Only the lines below from the one that contains "十年离乱后,长大一相逢。出自" through the one that contains "Elegante llavero de" should appear in your answer, exact and without pictures.

---- Listed entries

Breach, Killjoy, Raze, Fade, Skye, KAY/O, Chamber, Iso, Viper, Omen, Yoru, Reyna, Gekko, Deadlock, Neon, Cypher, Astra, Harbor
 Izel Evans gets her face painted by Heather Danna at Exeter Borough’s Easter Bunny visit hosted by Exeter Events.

--------
---- Listed entries

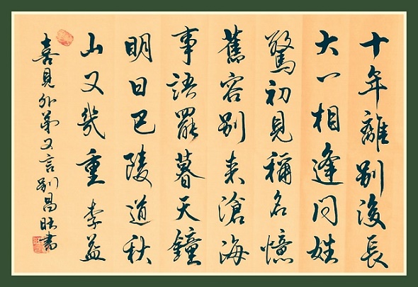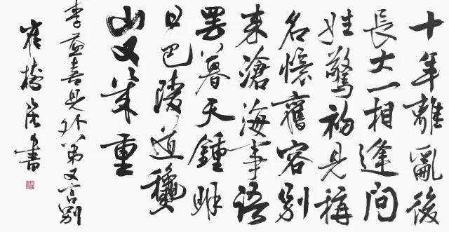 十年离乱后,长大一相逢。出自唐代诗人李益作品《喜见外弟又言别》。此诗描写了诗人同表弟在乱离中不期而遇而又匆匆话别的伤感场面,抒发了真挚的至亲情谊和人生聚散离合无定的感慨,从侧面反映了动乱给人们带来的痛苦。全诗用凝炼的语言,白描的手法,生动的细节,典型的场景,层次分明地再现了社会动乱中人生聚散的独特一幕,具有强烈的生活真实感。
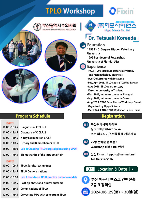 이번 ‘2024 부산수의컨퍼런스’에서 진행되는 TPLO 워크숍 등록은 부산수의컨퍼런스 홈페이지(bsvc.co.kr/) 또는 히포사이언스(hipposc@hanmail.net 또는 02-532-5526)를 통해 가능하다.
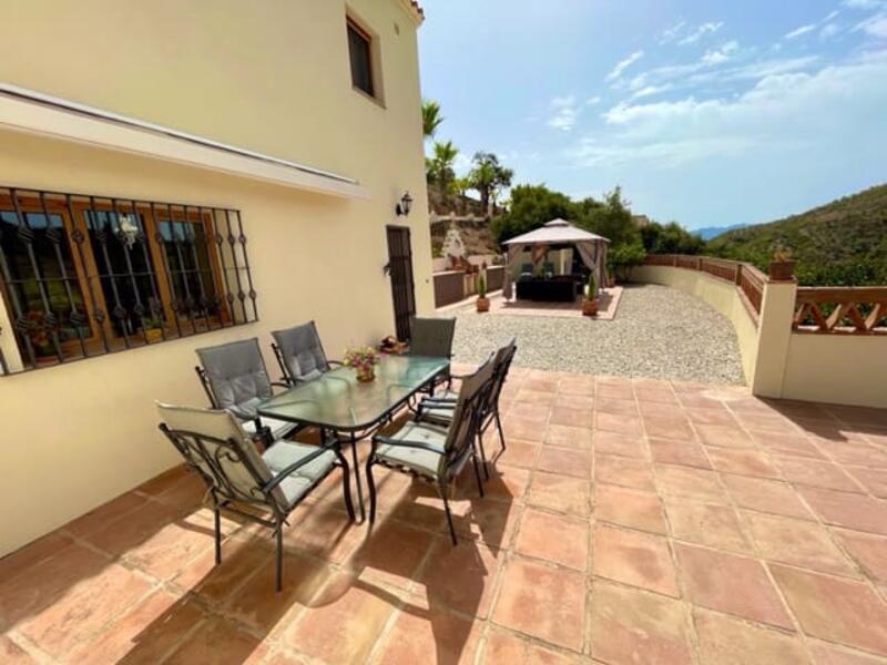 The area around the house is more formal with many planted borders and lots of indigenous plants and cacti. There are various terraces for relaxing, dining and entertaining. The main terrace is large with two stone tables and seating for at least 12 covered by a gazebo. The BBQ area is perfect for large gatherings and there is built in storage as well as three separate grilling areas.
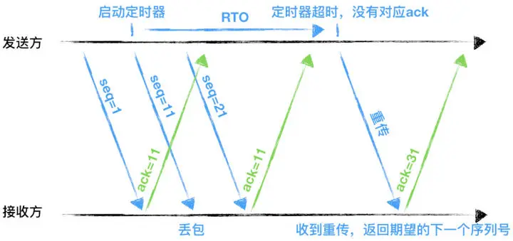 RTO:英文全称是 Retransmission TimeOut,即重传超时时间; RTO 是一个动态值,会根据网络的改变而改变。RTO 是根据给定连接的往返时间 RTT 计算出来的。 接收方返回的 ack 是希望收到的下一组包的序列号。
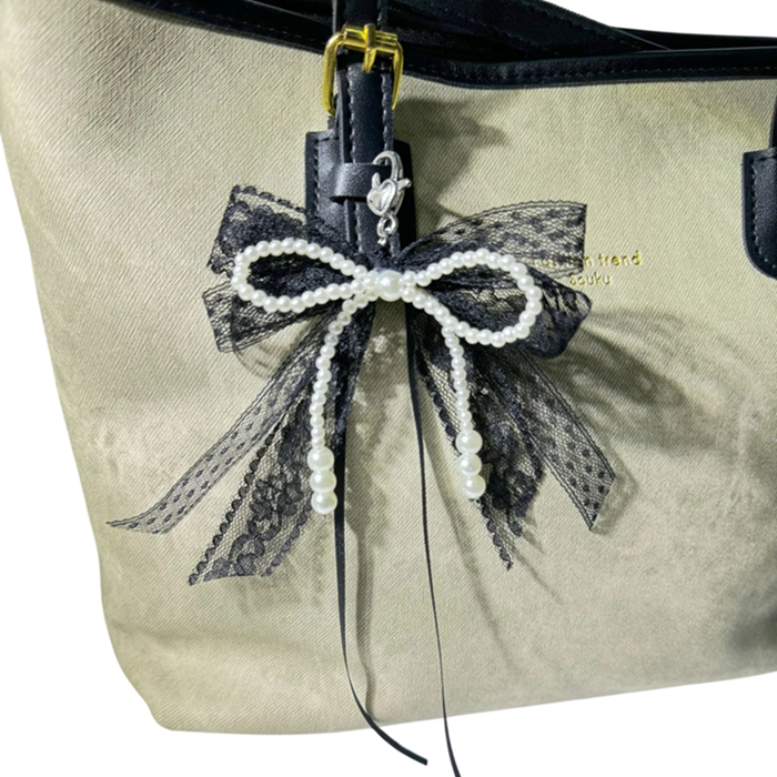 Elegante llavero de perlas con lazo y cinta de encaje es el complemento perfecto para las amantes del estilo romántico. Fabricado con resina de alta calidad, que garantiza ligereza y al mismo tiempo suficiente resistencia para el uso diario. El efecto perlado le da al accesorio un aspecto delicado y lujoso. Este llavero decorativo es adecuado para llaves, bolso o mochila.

--------

● **Result of the exercise**
 十年离乱后,长大一相逢。出自唐代诗人李益作品《喜见外弟又言别》。此诗描写了诗人同表弟在乱离中不期而遇而又匆匆话别的伤感场面,抒发了真挚的至亲情谊和人生聚散离合无定的感慨,从侧面反映了动乱给人们带来的痛苦。全诗用凝炼的语言,白描的手法,生动的细节,典型的场景,层次分明地再现了社会动乱中人生聚散的独特一幕,具有强烈的生活真实感。
 이번 ‘2024 부산수의컨퍼런스’에서 진행되는 TPLO 워크숍 등록은 부산수의컨퍼런스 홈페이지(bsvc.co.kr/) 또는 히포사이언스(hipposc@hanmail.net 또는 02-532-5526)를 통해 가능하다.
 The area around the house is more formal with many planted borders and lots of indigenous plants and cacti. There are various terraces for relaxing, dining and entertaining. The main terrace is large with two stone tables and seating for at least 12 covered by a gazebo. The BBQ area is perfect for large gatherings and there is built in storage as well as three separate grilling areas.
 RTO:英文全称是 Retransmission TimeOut,即重传超时时间; RTO 是一个动态值,会根据网络的改变而改变。RTO 是根据给定连接的往返时间 RTT 计算出来的。 接收方返回的 ack 是希望收到的下一组包的序列号。
 Elegante llavero de perlas con lazo y cinta de encaje es el complemento perfecto para las amantes del estilo romántico. Fabricado con resina de alta calidad, que garantiza ligereza y al mismo tiempo suficiente resistencia para el uso diario. El efecto perlado le da al accesorio un aspecto delicado y lujoso. Este llavero decorativo es adecuado para llaves, bolso o mochila.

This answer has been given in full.